# Deer Hunting Chickasawhatchee ...



## letsgohuntin (Jul 5, 2006)

Have any of you guys ever done any serious deer hunting on Chickasaw?  I have bow hunted a few times, but mostly within 100 yards of the roads, nothing serious just more or less killing time ( still saw deer & turks though!)

I live within 10 minutes of the camp area at the WMA , and hate to let such fine land go to waste... I was thinking of doing the majority of my bow hunting there this season, leaving my lease undisturbed until gun season...

anyway, what kind of luck have you had ? 

I was wondering if anyone has ventured way back into those swamps, and if so what did you think and was there plenty of deer sign? Those swamps are so large and deep, I would think that there has to be some real bruiser bucks back in there that doesn't receive much hunting pressure.

Chickasaw is an awesome place, I love to just take a ride on the road systems, there is always something to see. Like I said, I have never ventured to far off the roads and was wondering about any of your expieriences? 
With close to 20,000 acres, that's a lot land to see!


----------



## Buckerama (Jul 6, 2006)

Iv hunted there in the past but was plannin on trying it out this bow season! if youd like we could meet up there and do they have a camp area there?


----------



## letsgohuntin (Jul 6, 2006)

Buckerama said:
			
		

> Iv hunted there in the past but was plannin on trying it out this bow season! if youd like we could meet up there and do they have a camp area there?

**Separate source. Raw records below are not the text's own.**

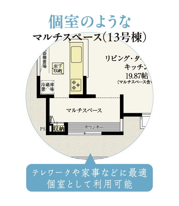 マルチスペースやカウンターで広がる利便性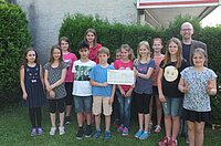 Strahlend nahmen die Kinder den großen Scheck von Pfarrer Frank Mönnig (rechts) entgegen. Von dem Geld sollen neue Spielgeräte für den Treff gekauft werden. Die Leiterin Silke Wippermann bedankte sich im Namen des gesamten pädagogischen Teams für die Spende.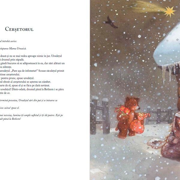 Cu mult inainte de primele zile din decembrie, magazinele sunt deja pline de decoratiuni, dulciuri si alte produse de Craciun. Ce putem face, impreuna cu copiii nostri, pentru a incetini cumva aceasta graba, pentru a trece peste tentatiile insistente ale ofertelor comerciale de toate felurile in speranta de a descoperi sensurile mai adanci ale sarbatorii? Cum ne putem bucura, ramanand cu amintirea durabila a unor clipe fericite petrecute in familie, de zilele de inceput de iarna care trec in asteptarea Craciunului? Poate ca tot povestile sunt cea mai potrivita solutie, ca de atatea ori.
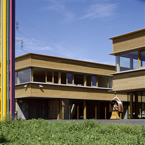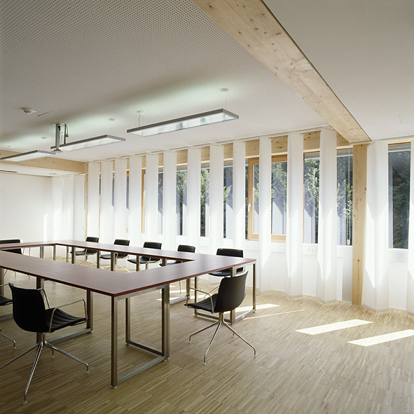 Durch die Kompaktheit der Baukörper, entsprechende Dämmstärken und ein günstiges Verhältnis von Glas- zu Holzoberflächen konnte trotz eines geringen Aufwands an technischer Infrastruktur Niedrigenergiestandard erreicht werden.
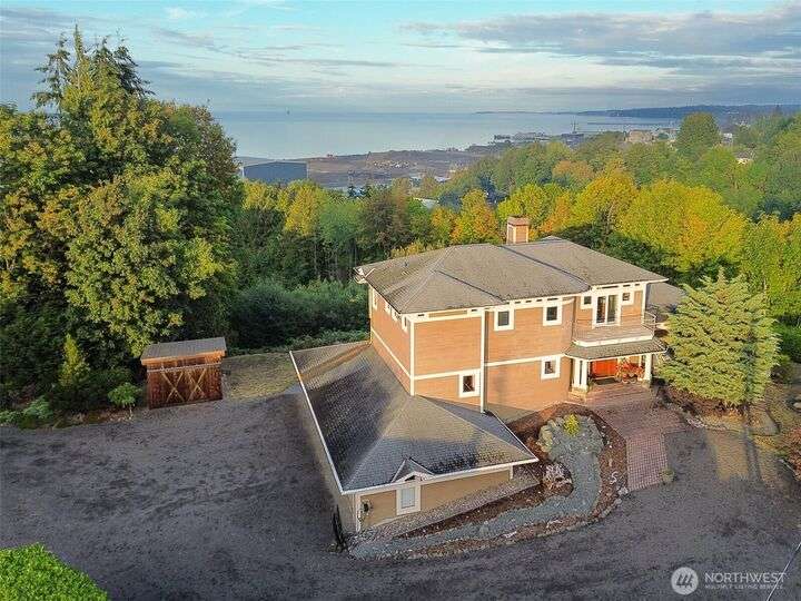 Absolutely stunning 3 bedroom, 4 bath, water view home with a second kitchen and additional entry downstairs. As you enter up the main steps & past the covered front porch, soaring floor to ceiling windows in the central great room welcome you home, and perfectly frame a view of Mount Baker & the Strait of Juan de Fuca. Red oak hardwood flooring, a chef's kitchen, 4 car garage w/ shop space, multiple water and mountain view decks, security system & solar activated exterior lighting, huge jetted tub in primary bath & dual head walk-in shower. This wonderfully maintained home offers luxury NW living right in the heart of Port Angeles. Close to all amenities, shopping, restaurants, the Victoria Coho ferry, and The Olympic National Forest.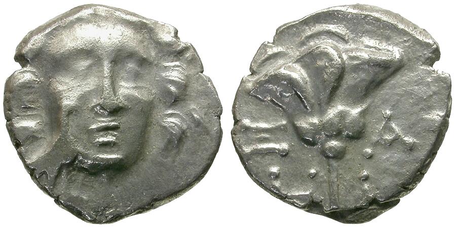 Obverse: Facing head of Helios, bird standing right in front of right cheek
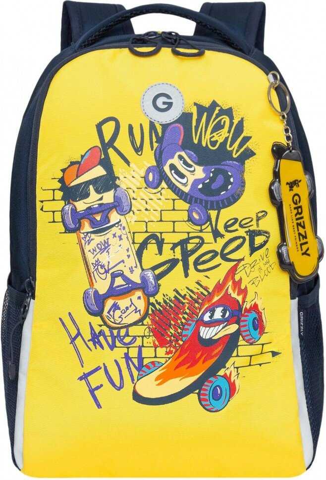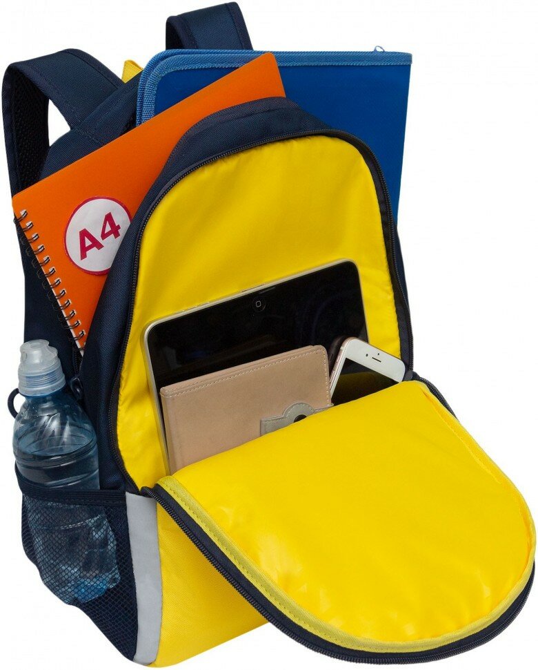 Рюкзак школьный GRIZZLY RB-451-7/2 тёмно-синий - желтый информация: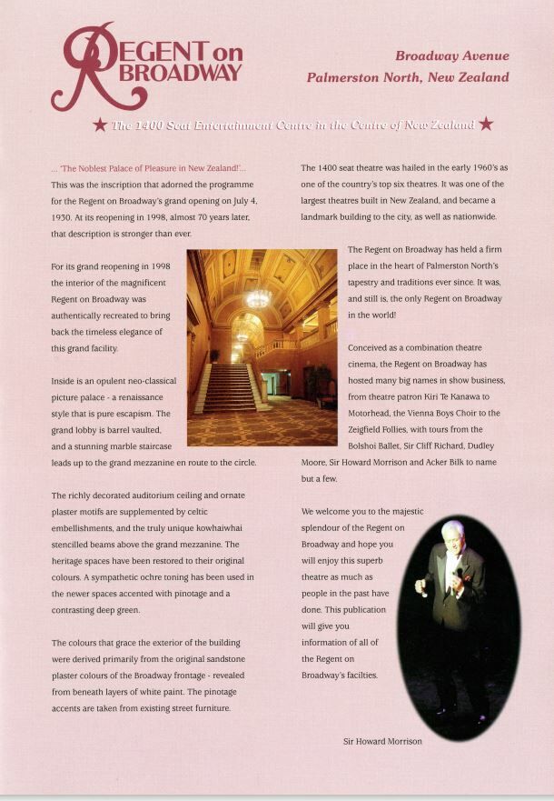 A programme describing the Regent Theatre, following its refurbishment and reopening in 1998.

maybe we can hook up some time and do a little scouting... bring your snake boots, my cousin was in the swamps there last week and he saw 9 cotten mouths !   

I noticed on the regulations, they dropped the trophy buck requirements... they stated that there was " no significant gains since the implementation of QDM regulations."

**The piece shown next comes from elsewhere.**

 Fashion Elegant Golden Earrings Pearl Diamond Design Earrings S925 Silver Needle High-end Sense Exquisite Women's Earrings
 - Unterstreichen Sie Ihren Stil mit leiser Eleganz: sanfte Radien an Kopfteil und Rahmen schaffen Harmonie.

they do have a primitive campsite over there.


----------



## brofoster (Jul 7, 2006)

I went up there to hog hunt it once and thought I was going to have to fight for a tree to go up.  Maybe it will be good for you since you can really scout it and know where to go to get away from the crowd.


----------



## Nicodemus (Jul 7, 2006)

Stay away from the roads and powerline. Get as far back in the isolated and thick areas as you can.


----------



## Buckfever (Jul 7, 2006)

*Chickasawhatchee*

Talked to one of the area wardens and biologist last fall, and they said that since the QB regulations have been dropped at Chickasawhatchee there are some nice bucks being killed. What they said made a lot of since, by dropping the QB reg's it has taken a lot of pressure off the older age class bucks, so they are surviving longer. A lot of people in Georgia still want to kill the first deer they see regardless of how big it is, and there is nothing wrong with that. There was a buck killed there last year that had 3 points and was 5 1/2 years old. Under the QB regs these bucks were being protected to do most of the breeding, so the hunting should only get better at Chickasawhatchee....BF


----------



## bam_bam (Jul 8, 2006)

i was told there was an island somewhere on that place that was pretty big. when it got wet and the water got real high there was an island formed. i was told it was a pretty good place in there to hunt. i have never been to it guy coulda been shooting me a line of you know what.


----------



## Buckfever (Jul 8, 2006)

I found one (island) during turkey season that would be great during deer season (lots of deer sign and oaks everywhere), but also found a big water moccasin on the way in (I think he got a bad case of lead poison though). Don't know if I want to walk in there and cross the water while it's hot though, but may have to give it a try this year.....BF


----------



## sowega hunter (Jul 8, 2006)

I have hunted there some without any luck. But I have a friend who him and his son and friends kill a good buck or 2 there every year. I lost one of my leases this year and I'm going to try Chickasaw a little this year. Who knows we might get lucky and it's not that far away for me. Sowega.


----------



## Nicodemus (Jul 8, 2006)

Only thing Chickasawhatchee has in abundance is gators, rattlesnakes (3 kinds), cottonmouths, copperheads, the occasional coral snake, skeeters, sand gnats, yellow flies, deer flies, horseflies, hornets, wasps (at least 2 kinds), yellow jackets, redbugs (500 bushels to the acre), ticks of every magnitude and some not documented in the books yet, wait a minute briars, poison ivy, poison oak, poison sumac, and a swamp witch who lives in a hollow black gum tree.  If you accidently get within 100 yards of her she will haint you for life.


----------



## bam_bam (Jul 8, 2006)

if i was a deer i wouldnt wanna live there with all them hazards


----------



## 7Mag Hunter (Jul 18, 2006)

Hunted it alot till they decreased the size and gas got so
high...If I lived closer, I would still hunt it....
Just don't go into those swamps alone....


----------



## Racor (Jul 18, 2006)

Hunted it once last year. Looks like good area to hunt. Just a little wet.

Oh a few snakes too!


----------



## Southbow (Jul 21, 2006)

I've probably spent more time on Chickasawhatchee than any other patch of woods I've hunted. It's my favorite place to be. For me, the hog hunting is great but the deer hunting has been tough the last 5 years. 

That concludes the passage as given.